Y también estaba el rockero de los sesenta con ojos de lobo triste y pómulos tallados por Giacometti, con actitud de El guardián entre el centeno
y una melancolía tan intensamente desesperanzada que parecía condenarlo
a vivir al borde de toda forma de exceso. Era el artista consumado de
la escena francesa, un camaleón propagado por la televisión satelital,
empapado de falso sudor y brillantina de verdad, un artista que, como un
novelista, confesaba como una forma de mentir.
Hallyday fue hijo de
una generación que vio la entrada de los soldados estadounidenses en
París y que inventó para sí una ascendencia estadounidense. Estados
Unidos era cigarrillos, Levi's y Coca-Cola. Pero también era la
languidez del blues, Nashville y la luz verde que veía brillar al
amanecer tras noches empapadas de alcohol y anfetaminas.
Cuando este
desesperado coloso del dolor, el vaquero desvelado y suicida, ofreció su
cuerpo en sacrificio a la cámara y a la multitud de fanáticos
embelesados, generó en François Mauriac la impresión de una figura
mefistofélica. Aquí estaba el héroe, abigarrado y marcado por
cicatrices, cuya gloria parecía una herida, cuyas victorias eran
estigmas y que, de metamorfosis en metamorfosis, encarnaba lo que
erróneamente se llama pop o variedades pero que, en él, era más como la
grandeza perdida o el lamento de un poeta ingeniosamente disfrazado.
Y al final triunfaba
el rey Lear, la cara de cera con la mirada violeta, sobreviviente de una
época cuyos héroes perecían antes de los 30 años, uno que sabía que su
supervivencia era un milagro. Y luego, finalmente, esas casi muertes a
la manera de Bossuet (“¡Johnny se está muriendo! ¡Johnny está muerto!”):
él siempre reviviría, hasta la última vez, cuando vivió nuevamente en
París por unas pocas horas bajo un frío sol de diciembre.

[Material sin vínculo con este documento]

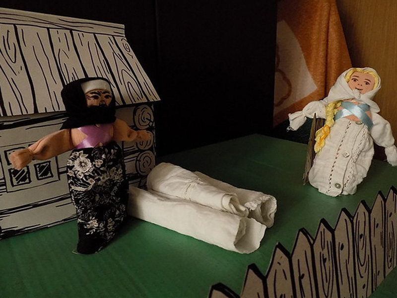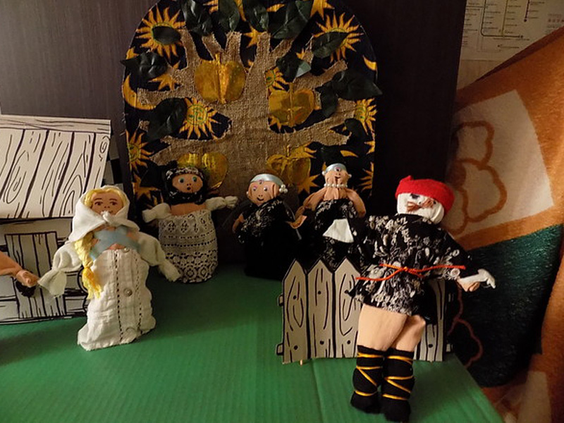 Чтобы передать эту атмосферу, я выбирала для создания декораций и кукол натуральные материалы (картон, мешковину, шерсть, глину, ситцевые ткани) и цвета, которыми в старину могли быть окрашены, с помощью растительных красителей, дающих приглушенные оттенки, домотканые ткани.

El Vaticano de la literatura que es la Academia Sueca rescató a la canción de su infierno canónico con la coronación del Nobel de Bob Dylan.
En el caso de Johnny Hallyday, tal vez no resulte demasiado
descabellado creer que este hombre de un misterio de esfinge ahora sea,
como Baudelaire, “un bloque de granito rodeado de un temor vago” cuya
“naturaleza valiente solo canta a los rayos del sol del ocaso”.